DataflowJavaSDK
DataflowJavaSDK copied to clipboard
Additional Pipeline Example - Backing up Datastore -> GCS
Example code:
https://github.com/cobookman/DatastoreToGCS/blob/master/src/main/java/com/google/datastorebackup/Main.java
Had a customer ask how to do this. Found that it's not as trivial as it should be and might be a good example. Could also have the pipeline write to BigQuery as well. This is a not uncommon use case.
Let me know if you'd like me to submit a pull req.
I see that your converting to json using a custom converter, is there a reason why your not just using the canonical proto json format converter?
Didn't know that was a possibility, and couldn't find the specific method. How would one convert the Datastore Entity to Json through the proto json converter.
I think your looking for: https://github.com/google/protobuf/blob/master/java/util/src/main/java/com/google/protobuf/util/JsonFormat.java
Got JSONFormat working :D.
Was simple stupid do do Datastore->GCS and GCS->Datastore.

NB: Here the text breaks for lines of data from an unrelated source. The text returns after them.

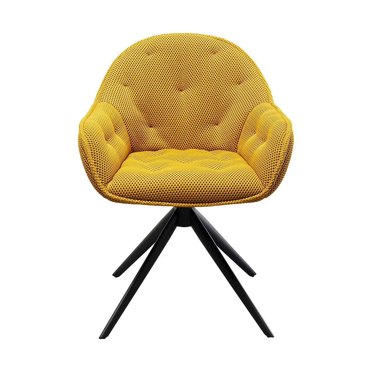 Our interior designers recommend this innovative swivel chair with armrests, which stands out with its sunny yellow color and ultra-modern mesh fabric cover. It instantly transforms any dining area into a stylish, modern space and the positive yellow spreads a good mood. The structured mesh fabric consists of fine, interwoven fibers that create an airy and transparent appearance with a net look. This modern textile structure gives the chair a unique and appealing design that fits perfectly into a contemporary living or working area.
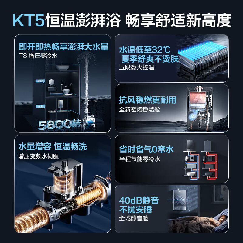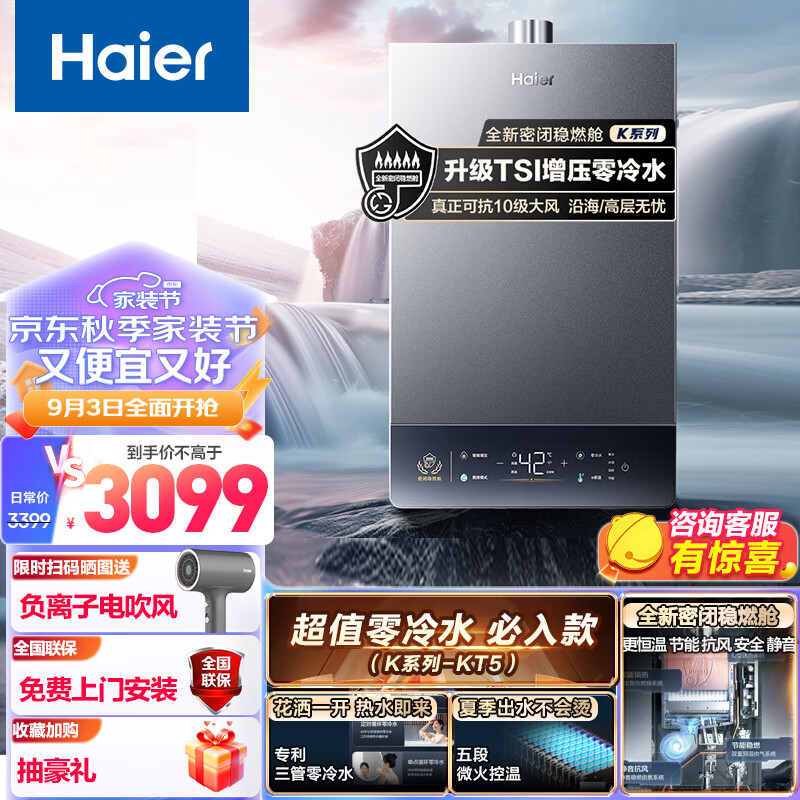 海尔(Haier)16升【K系列KT5】零冷水燃气热水器天然气水伺服恒温 TSI增压 静音JSQ31-16KT5FPRCU1【以旧换新】价格:3399.00元!
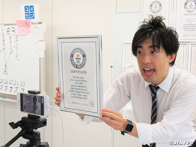 12月20日に新宿区立淀橋第四小学校2クラスの授業に登壇したのは、Eテレなどでも活躍するプロ縄跳びプレーヤーの生山ヒジキさん。授業が始まる前の「出会いの時間」では、実際に縄跳びでいろいろな技を披露してくれました。オンラインであっても、普段から縄跳びに親しみのある子どもたちに、その凄さが画面越しに伝わっていきました。縄跳びを跳んだ場所から移動して「トークの時間」になると、ヒジキ先生の熱いトークが止まりません。才能だけではなくたくさんの努力をしたたこと、諦めないこと、仲間の大切さ、誰もやっていなことを始める難しさと楽しさ。また日本人スポーツ選手として最多となるギネス世界記録11冠を、これまでにないものを始める開拓の証として、子どもたちにすべて並べて見せました。
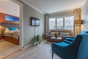 Junior suite med badstue, dusj, toalett, WiFiTradisjonsrikt høyfjellshotell med svømmebasseng, treningsrom og lobbybar.Junior suite med liten forstue.1 bad med dusj, toalett og badstue samt ett lite bad m...
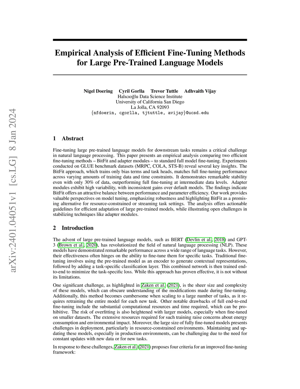 Fine-tuning large pre-trained language models for downstream tasks remains a critical challenge in natural language processing. This paper presents an empirical analysis comparing two efficient fine-tuning methods - BitFit and adapter modules - to standard full model fine-tuning. Experiments conducted on GLUE benchmark datasets (MRPC, COLA, STS-B) reveal several key insights. The BitFit approach, which trains only bias terms and task heads, matches full fine-tuning performance across varying amounts of training data and time constraints. It demonstrates remarkable stability even with only 30\% of data, outperforming full fine-tuning at intermediate data levels. Adapter modules exhibit high variability, with inconsistent gains over default models. The findings indicate BitFit offers an attractive balance between performance and parameter efficiency. Our work provides valuable perspectives on model tuning, emphasizing robustness and highlighting BitFit as a promising alternative for resource-constrained or streaming task settings. The analysis offers actionable guidelines for efficient adaptation of large pre-trained models, while illustrating open challenges in stabilizing techniques like adapter modules.

I couldn't find any online examples of JSONFormat being used so I think adding this example would go a long way. This also seems like a common use case.
Here's an example of JSONFormat being used to print the Datastore Entities: https://github.com/cobookman/DatastoreToGCS/blob/master/src/main/java/com/google/datastorebackup/Backup.java#L91
@cobookman This is a good candidate for Beam templates. I am working on adding ValueProvider options for DatastoreIO. Once that is in, I can help you translate your example into a template and get it merged to BEAM.
@vikkyrk. Would be more than happy to help get this example get merged into beam.